Treatments to Change Sexual Orientation

Published Online:

The Journal recently published a “Position Statement on Psychiatric Treatment and Sexual Orientation” that had been approved by the Board of Trustees of the American Psychiatric Association (1). That statement correctly cautions mental health professionals that there is little scientific evidence to support the efficacy of treatments designed to change sexual orientation. That statement was intended to address the matter of homosexuality and to take a clear stand “against discrimination, prejudice, and unethical treatment…, including discrimination on the basis of sexual orientation” (p. 1131).

The psychiatric profession still correctly considers pedophilia to be a mental disorder. However, like heterosexuality and homosexuality (orientations that differ from one another on the basis of differences in sexual attraction), pedophilia, too, can be thought of as a sexual orientation that is different from others on the basis of age of attraction. As with other sexual orientations, irrespective of the relative contributions of genetics and environment, maturing individuals discover the nature of their own attractions; such attractions are not the consequence of a volitional decision. Historically, untold numbers of human beings have been both demonized and vilified simply because their sexual makeups differ from the norm.
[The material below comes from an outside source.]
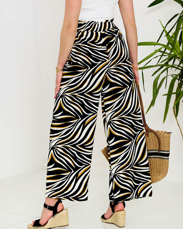 - Patterned wide women's pants. The model is made of light and airy fabric, has an elastic band and binding to emphasize the waist. The perfect base for stylish outfits for spring! NOTE: Measurement accuracy (+/-) 1 cm.
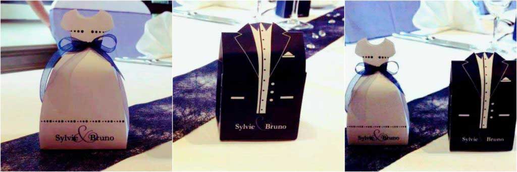 Contenant dragées mariage : robe et costume de mariés

In the case of pedophilia, society must insist, for good reason, that persons who are sexually attracted to children are forbidden from acting on these attractions. As with alcoholism, such persons need to have access to effective treatments that can enable them to successfully resist succumbing to unacceptable temptations. However, just as has been the case historically with homosexuality, society is currently addressing the matter of pedophilia with a balance that is far more heavily weighted on the side of criminal justice solutions than on the side of mental health solutions.

Individuals whose sexual orientation is directed toward children manifest the same range of personality, temperamental, and character traits as individuals whose sexual orientation is directed toward adults. A recent Journal article (2) documented that the vast majority of individuals with pedophilia showed no evidence of either antisocial or narcissistic personality disorder. It may be no easier for a person with pedophilia to change his or her sexual orientation than it is for a homosexual or heterosexual individual to do so.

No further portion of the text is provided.